# YOUR ASSIGNMENT
Set down each line of the material that follows exactly, and leave its pictures out.

# INFORMATION SHOWN
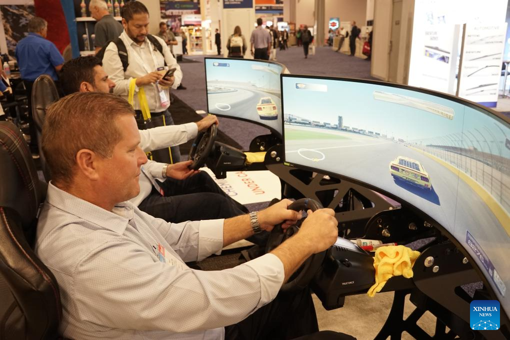 People experience simulated driving on a screen during the Automotive Aftermarket Products Expo 2025 (AAPEX) in Las Vegas, Nevada, the United States, Nov. 4, 2025. Two major U.S. automotive industry trade shows are being held this week in Las Vegas, U.S. state of Nevada, focusing on artificial intelligence (AI) and emerging clean-energy trends in vehicle technology and mobility services.
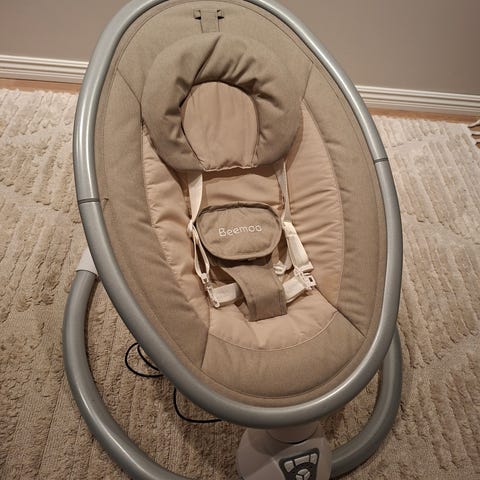 Elektrisk Babysitter/babygunga med tre gunghastigheter och åtta inbyggda naturljud och melodier som kan justeras i volym.
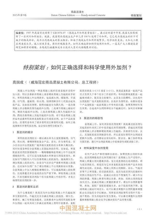 核心提示:1987年我國首次頒布了GB8076-87《混凝土外加劑質(zhì)量標準》,在以后的若干年里,我國又陸續(xù)頒布了一系列外加劑標準。現(xiàn)在,我國商品混凝土生產(chǎn)中幾乎100%使用了外加劑,它已成為混凝土材料不可缺少的組成部分,成為水泥混凝土的第五組分。但由于混凝土外加劑種類繁多,化學性能復(fù)雜,又加之工程應(yīng)用類型眾多,施工環(huán)境多變,原材料規(guī)格各異,如何正確選擇和科學使用外加劑,一直是廣大工程建設(shè)者研究和探索的課題。本期我們誠邀相關(guān)專業(yè)技術(shù)人員對此話題展開討論。
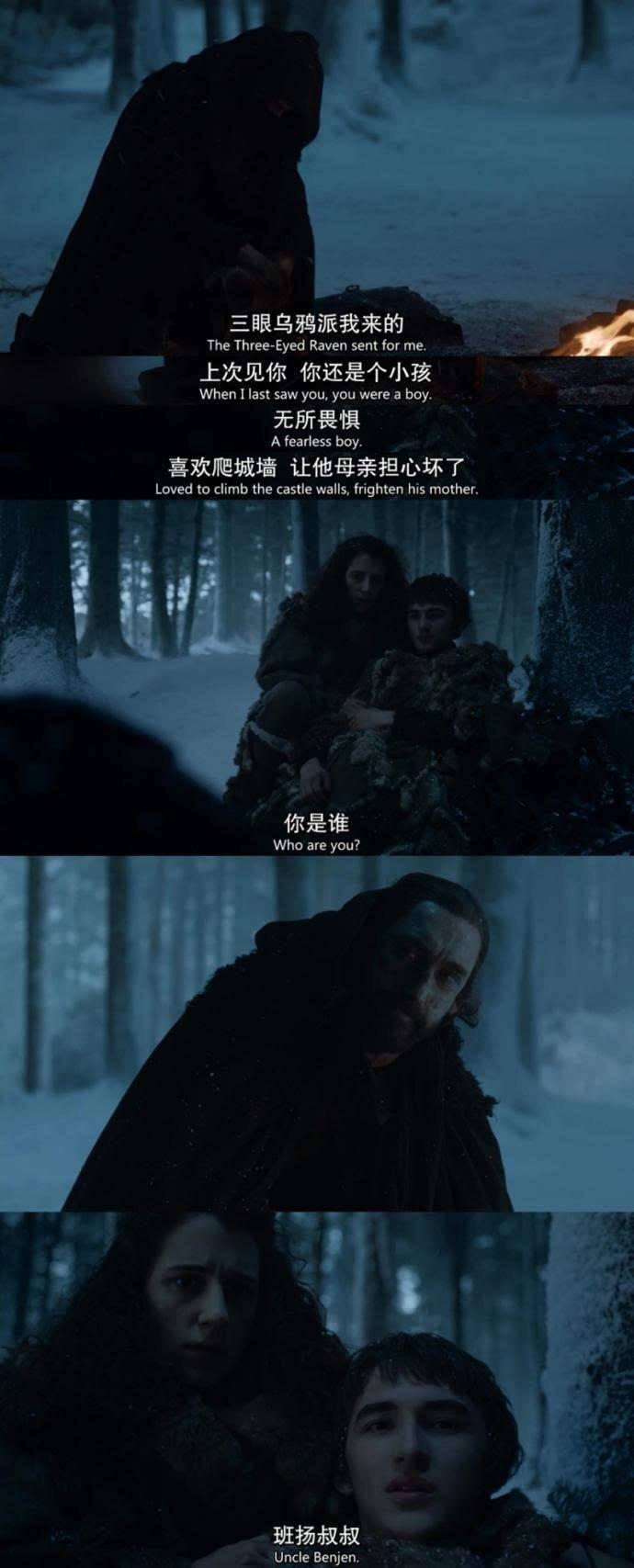 在第六季,有一黑衣人中途救下被异鬼围攻的布兰,布兰认出是班扬叔叔,但是手冰冷坚硬,全身毫无生气,而且不能通过长城,因为长城有魔法,这里看出班扬其实已死,但是还存在于世。绝境长城有魔法是不会让异鬼通过的,班扬叔叔好像真是异鬼!但异鬼都是冷血肆意屠杀人类的,班扬为何还好心救布兰?

# SOLUTION TO THIS PROBLEM
 People experience simulated driving on a screen during the Automotive Aftermarket Products Expo 2025 (AAPEX) in Las Vegas, Nevada, the United States, Nov. 4, 2025. Two major U.S. automotive industry trade shows are being held this week in Las Vegas, U.S. state of Nevada, focusing on artificial intelligence (AI) and emerging clean-energy trends in vehicle technology and mobility services.
 Elektrisk Babysitter/babygunga med tre gunghastigheter och åtta inbyggda naturljud och melodier som kan justeras i volym.
 核心提示:1987年我國首次頒布了GB8076-87《混凝土外加劑質(zhì)量標準》,在以后的若干年里,我國又陸續(xù)頒布了一系列外加劑標準。現(xiàn)在,我國商品混凝土生產(chǎn)中幾乎100%使用了外加劑,它已成為混凝土材料不可缺少的組成部分,成為水泥混凝土的第五組分。但由于混凝土外加劑種類繁多,化學性能復(fù)雜,又加之工程應(yīng)用類型眾多,施工環(huán)境多變,原材料規(guī)格各異,如何正確選擇和科學使用外加劑,一直是廣大工程建設(shè)者研究和探索的課題。本期我們誠邀相關(guān)專業(yè)技術(shù)人員對此話題展開討論。
 在第六季,有一黑衣人中途救下被异鬼围攻的布兰,布兰认出是班扬叔叔,但是手冰冷坚硬,全身毫无生气,而且不能通过长城,因为长城有魔法,这里看出班扬其实已死,但是还存在于世。绝境长城有魔法是不会让异鬼通过的,班扬叔叔好像真是异鬼!但异鬼都是冷血肆意屠杀人类的,班扬为何还好心救布兰?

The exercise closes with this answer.